Here are some pics of the night.


----------



## NitroNX898 (Apr 7, 2009)

Them are some nice gar.


----------



## Fishin' Soldier (Dec 25, 2007)

Didn't say this in original post but I was targeting gar that night.


----------



## Meadowlark (Jul 19, 2008)

Nice report, very interesting. Roughly, how far from the coast were you? Just curious with the real low flows down the river now, some salt water fish could very well work there way up a long ways....if there is bait which sounds like you have an abundance of right now. 

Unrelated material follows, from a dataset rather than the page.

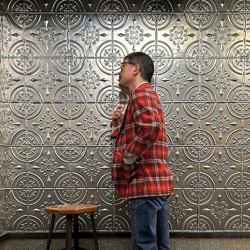 172センチ60キロで「44」で丁度良いサイズです。冬の着用を見越したサイズ感。中にそれなりに着込める余裕があります。レザーのくるみボタンと袖口のカフ仕様。アメリカのペンドルトンを彷彿とさせるディテール。アメリカンクラシックなワークなディテールをディーシーホワイトのテーラーリングで編集したジャケット。生地もアメリカンなざっくりコットンフランネルではなく、柔らかくドレープ感もキレイなウールナイロンアルパカの混紡。シャギー感が柄の出方を柔らかい印象に。シャツを合わせてきちんと着るのも良いですが、古着のTシャツやスウェットなどに合わせてラフに着るのがオススメ。ブランドの編集力が光る一枚ですねっ。

Every year I expect a bull shark to be caught well up the river under low flows conditions but haven't heard it happeing yet. 

Nice report.


----------



## dbullard (Feb 13, 2008)

wtg nice catch!


----------



## Fishin' Soldier (Dec 25, 2007)

I am roughly 30 miles from the mouth of trinity bay. The water is absolutly beautiful green right now.


----------



## jxallsbr (Mar 25, 2009)

This is under the 90 bridge?


----------



## Fishin' Soldier (Dec 25, 2007)

No not actually under the bridge about 4 miles down river. You would be able to do this anywhere now though. Warm water and they are spawning.


----------



## StanC (Aug 7, 2004)

i used to fish for them in the 70s has any one tried using circle hooks for better hook ups? just thinking they might work better than a j hook. thanks for the post and pics F.S. you got me wanting to go catch some of them.


----------



## Fishin' Soldier (Dec 25, 2007)

Circle hooks are designed to hook a fish in the corner of the mouth. A gar's mouth is all bone except for the soft pallet on the bottom. A circle hook almost never hooks up with a gar.


----------



## HAIRCUTTER (Aug 2, 2006)

Thanks for the report and info. WTG

R.E.B.


----------



## GarzillaBowfishing (Oct 2, 2008)

http://2coolfishing.com/ttmbforum/showthread.php?t=228127&highlight=Alligator+gar
all sounds to fimilar. Did u see any real big gator gar? Here are some pictures from last trip. I can give u a few pointers on the big ones if u need em.


----------



## Fishin' Soldier (Dec 25, 2007)

That day I did not see any real big ones. Yes any advice you can give I will take, you seem to be the gar guru!


----------



## GarzillaBowfishing (Oct 2, 2008)

Gar help pay my bills! Pm me when ever you want to get a big one and i will tell you how i do it.


----------



## shadslinger (Aug 21, 2005)

I don't gar fish but wonder about their lack of fight, warm water taking it out of them, plus the rigors of spawning?
I always enjoy your posts, keep them coming.


----------



## GarzillaBowfishing (Oct 2, 2008)

The gar I cath out of the river don't fight near as hard as the ones that are in a lake. The river fish tire out very fast. Thanks for the comment I am honest and strait foward that's how I was raised.


----------